While the world was horrified by the day’s events, there were those at Virginia Tech who weren’t surprised at the killer’s identity. “I knew when it happened that that’s probably who it was; I would have been shocked if it wasn’t,” Giovanni told reporters after the massacre.
“That’s the thing about Cho,” the doctor from New York said, when I spoke to him later. “Everybody knew he was different, he was strange, he was even potentially dangerous; but what could they do about it?”
It’s true, after the murders, nobody—not even Cho’s family—really tried to deny his sociopathy, nobody pretended he was just a misunderstood guy. It was universally acknowledged that he was a very sick young man and that his sickness was abundantly obvious, but there was little anybody could do to help him. He wouldn’t seek help because he was convinced there was nothing wrong with him; it was, in his opinion, everybody else who was at fault. Because of privacy laws and other civil liberties concerns, there was little the university could do but encourage him to seek help. The nature of his problem meant that he was unlikely to trust, tell the truth to, or confide in the medical professionals trying to help him—which, of course, defeats the purpose of therapy. His family, though, repeatedly tried to intervene. Deeply religious people, they prayed for him and brought him to church regularly, but to no avail. “Mental problems aren’t like other physical problems,” the doctor told me. “You can’t just clean the wound and apply pressure like you would a hemorrhage; it’s much more complicated than that—and, unlike a hemorrhage, you can almost always deny it.”
As much as Cho is a definitive example of a sociopath, Ted Bundy was a classic psychopath. Invariably described as handsome, charming, articulate and educated, Bundy used his superficial charm to seduce or at least temporarily gain the trust of women. Once they were alone with them, he would bludgeon, strangle and rape them, often after they died. While he eventually confessed to 30 murders, some—particularly those in law enforcement—are convinced there are more.
Bundy, originally from Vermont, had a childhood love of skiing that led to a
habit of shoplifting items he couldn’t afford. He started by stealing small items, then moved up to skis and other equipment, eventually developing the nerve to forge ski passes and even lift tickets. He was arrested twice as a minor, but those records have been destroyed and he appears to have done no time in jail.

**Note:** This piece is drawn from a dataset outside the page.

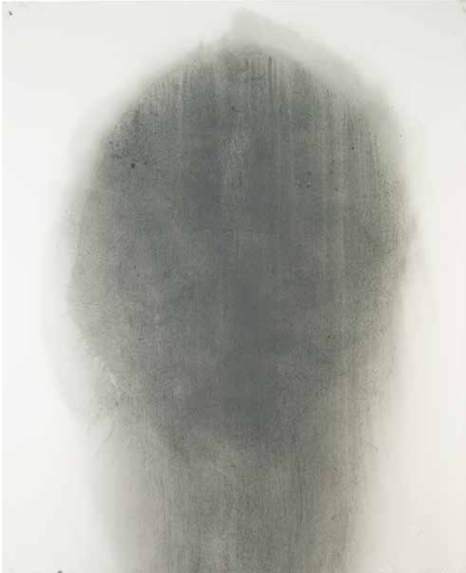
Nuria Vidal, 2021 Serie Rendición (Díptico). Pintura acrílica y grafito sobre papel. 140 x 114 cm c/u

He was popular as a youth, despite being a compulsive liar and admitting, “I didn’t know what made people want to be friends. I didn’t know what underlay social interactions.” This sort of revelation is not uncommon among psychopaths. Without the ability to care about other people, psychopaths are unable to understand or express many common emotions like grief. This was well illustrated when Nicole Kidman was preparing for a role as a psychopath in the film Malice. She turned to Dr. Robert Hare, a professor emeritus at the University of British Columbia in Vancouver and one of the world’s leading authorities on psychopaths. Hare, who has written extensively on the subject and has consulted with the FBI, RCMP and other agencies on criminal investigations, told her to imagine a scenario:
You’re walking down a street and there’s an accident. A car has hit a child in the crosswalk. A crowd of people gather round. You walk up, the child’s lying on the ground and there’s blood running all over the place. You get a little blood on your shoes and you look down and say, “Oh shit.” You look over at the child, kind of interested, but you’re not repelled or horrified. You’re just interested. Then you look at the mother, and you’re really fascinated by the mother, who’s emoting, crying out, doing all these different things. After a few minutes you turn away and go back to your house. You go into the bathroom and practice mimicking the facial expressions of the mother. That’s the psychopath: somebody who doesn’t understand what’s going on emotionally, but understands that something important has happened.